We waren van ver gekomen. We waren van hoog gevallen. We waren met veel geweest.
We bleven hangen in de tijd, maar niet in de onze. We bleven hangen op een plek, maar niet op de onze.
We leerden de taal. We spraken hem goed. We deden ons best.
We aten. We dronken. We morsten. We botsten. We speelden. We dansten. We vochten.
We leerden.
We bleven. We konden niet terug.
We stierven.
We vielen omhoog.
We keken omlaag.
Naar hen: ze kwamen van ver. Ze vielen van hoog. Ze waren met veel.
We keken.
Ze leerden de taal. Ze spraken hem goed.
Ze aten. Ze dronken.
We keken: ze bleven.
Ze stierven.
Ze vielen omhoog.
Ze keken omlaag.
Naar hen: ze komen van ver. Ze zijn met veel.
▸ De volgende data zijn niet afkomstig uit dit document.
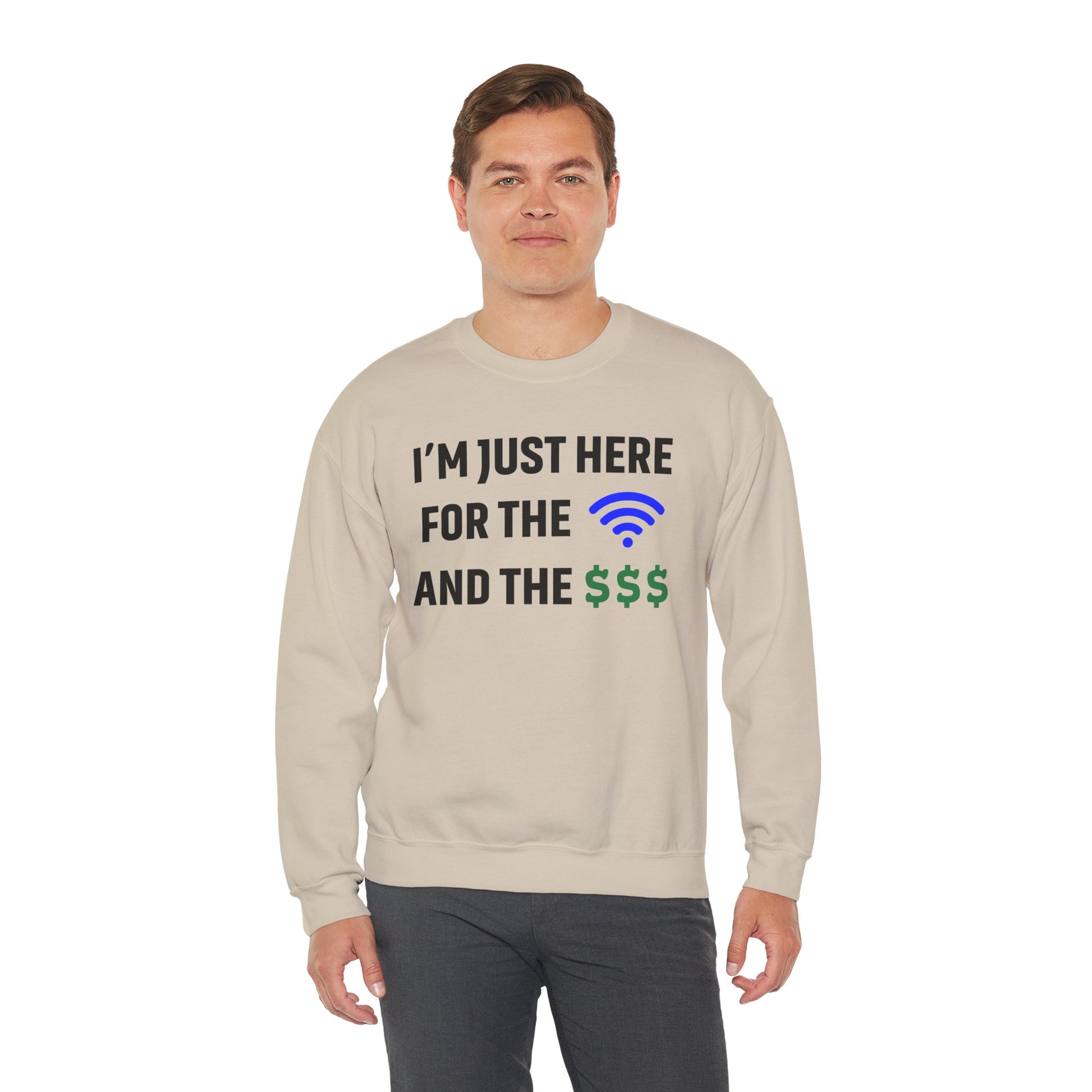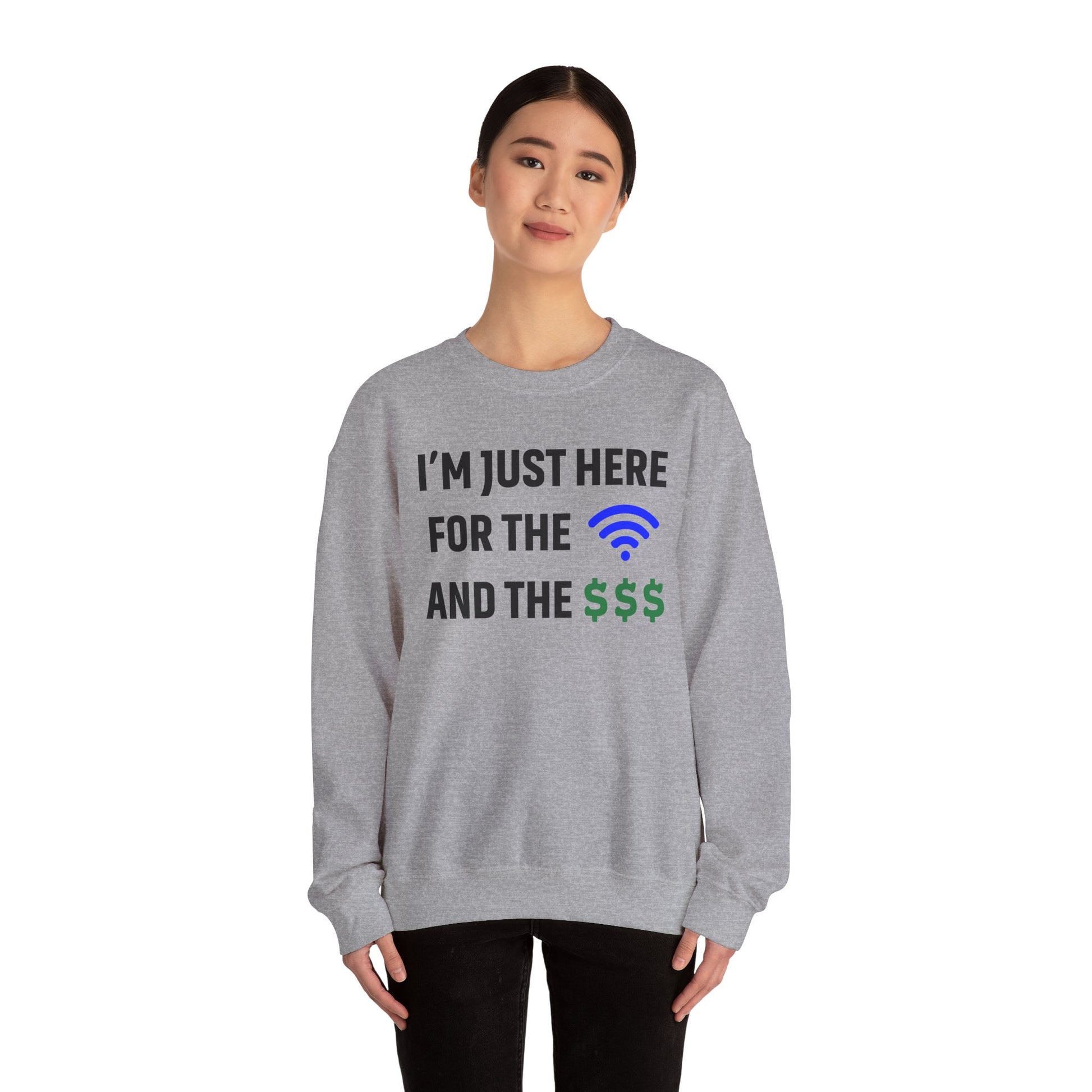 I'm Just Here For The Wi-Fi And Paycheck Unisex Sweatshirt | Funny Sweatshirt For Meetings, Office Attire, Great Gift Idea

Ze zullen blijven. Ze zullen sterven.
Ze zullen omhoog vallen.
Ze zullen van ver komen. Ze zullen blijven. Ze zullen sterven. Ze zullen omhoog vallen.
We zullen ze zien. Wij allen.
Ze komen van ver. Ze blijven. Ze sterven. Ze vallen omhoog.
Ze vallen. Ze morsen.
We zien ze.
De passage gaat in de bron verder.